URL of the project documentation.

documentation = "https://pixi.sh"

conda-pypi-map (optional)#

Mapping of channel name or URL to location of mapping that can be URL/Path. Mapping should be structured in json format where conda_name: pypi_package_name. Example:

local/robostack_mapping.json
{
  "jupyter-ros": "my-name-from-mapping",
  "boltons": "boltons-pypi"
}

If conda-forge is not present in conda-pypi-map pixi will use prefix.dev mapping for it.

conda-pypi-map = { "conda-forge" = "https://example.com/mapping", "https://repo.prefix.dev/robostack" = "local/robostack_mapping.json"}

channel-priority (optional)#

This is the setting for the priority of the channels in the solver step.

Options:

  • strict: Default, The channels are used in the order they are defined in the channels list. Only packages from the first channel that has the package are used. This ensures that different variants for a single package are not mixed from different channels. Using packages from different incompatible channels like conda-forge and main can lead to hard to debug ABI incompatibilities.

    We strongly recommend not to switch the default.
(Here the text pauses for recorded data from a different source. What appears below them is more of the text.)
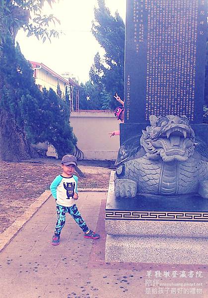 來書院參觀還很不正經的安妮與佐弟(出門前還跟我說要「穿拖鞋」)。碑記下方的就是龍龜(正名為贔屭)。
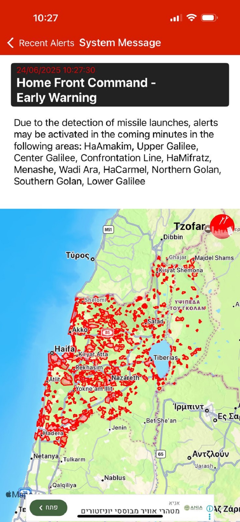 Σύμφωνα με πληροφορίες, ιρανικά κρατικά μέσα ενημέρωσης ανακοίνωσαν την εφαρμογή της εκεχειρίας ωστόσο μέχρι και λίγα λεπτά πριν τις 7:00 το Ισραήλ δεχόταν κύμα βαλλιστικών πυραύλων από το Ιράν
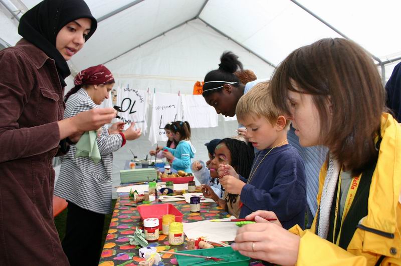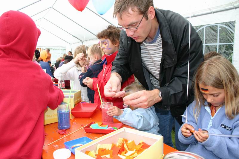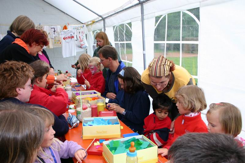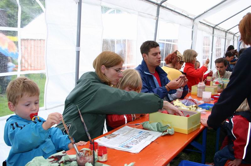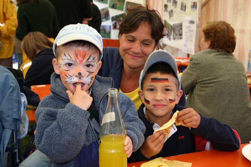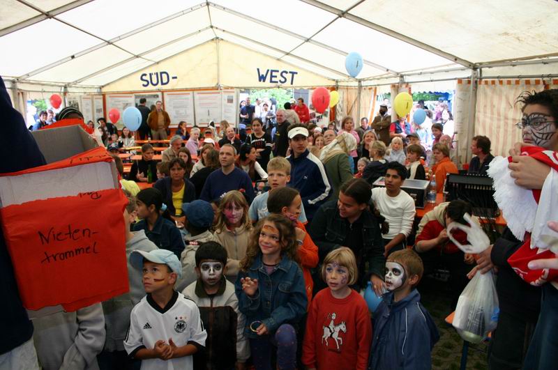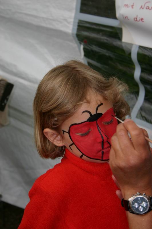Na, kleiner Kater?  Der Andrang im Schmink- und Bastelzelt war ... ... immer sehr groß.
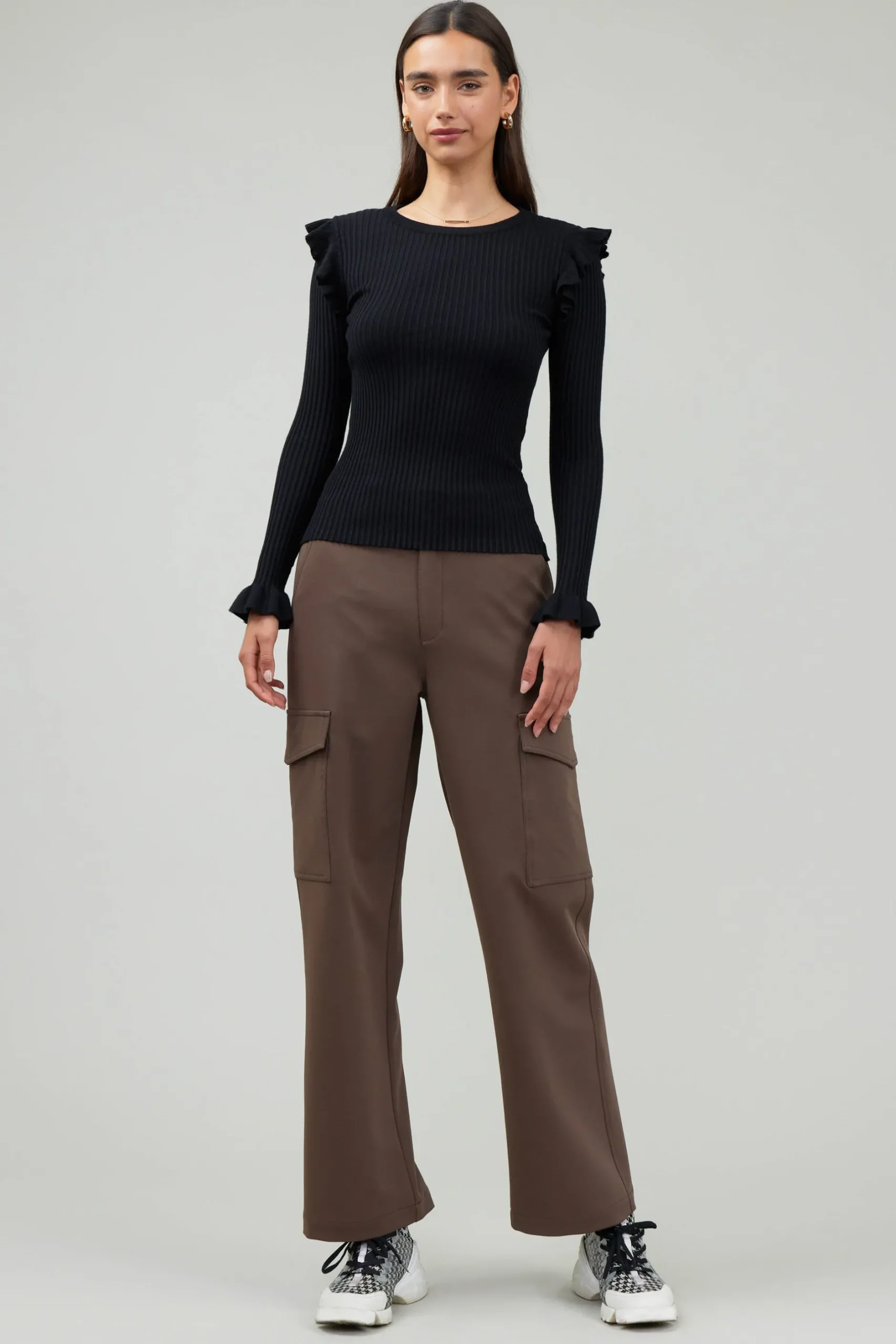 A long-sleeve sweater, reimagined with a feminine touch. Ruffle detailing accents the shoulders of this soft and cozy knit.

  • disabled: There is no priority, all package variants from all channels will be set per package name and solved as one. Care should be taken when using this option. Since package variants can come from any channel when you use this mode, packages might not be compatible. This can cause hard to debug ABI incompatibilities.

    We strongly discourage using this option.

channel-priority = "disabled"

channel-priority = "disabled" is a security risk

Disabling channel priority may lead to unpredictable dependency resolutions. This is a possible security risk as it may lead to packages being installed from unexpected channels. It's advisable to maintain the default strict setting and order channels thoughtfully. If necessary, specify a channel directly for a dependency.

[project]
# Putting conda-forge first solves most issues
channels = ["conda-forge", "channel-name"]
[dependencies]
package = {version = "*", channel = "channel-name"}

The tasks table#

Tasks are a way to automate certain custom commands in your project. For example, a lint or format step. Tasks in a pixi project are essentially cross-platform shell commands, with a unified syntax across platforms. For more in-depth information, check the Advanced tasks documentation. Pixi's tasks are run in a pixi environment using pixi run and are executed using the deno_task_shell.

[tasks]
simple = "echo This is a simple task"
cmd = { cmd="echo Same as a simple task but now more verbose"}
depending = { cmd="echo run after simple", depends-on="simple"}
alias = { depends-on=["depending"]}
download = { cmd="curl -o file.txt https://example.com/file.txt" , outputs=["file.txt"]}
build = { cmd="npm build", cwd="frontend", inputs=["frontend/package.json", "frontend/*.js"]}
run = { cmd="python run.py $ARGUMENT", env={ ARGUMENT="value" }}
format = { cmd="black $INIT_CWD" } # runs black where you run pixi run format
clean-env = { cmd = "python isolated.py", clean-env = true} # Only on Unix!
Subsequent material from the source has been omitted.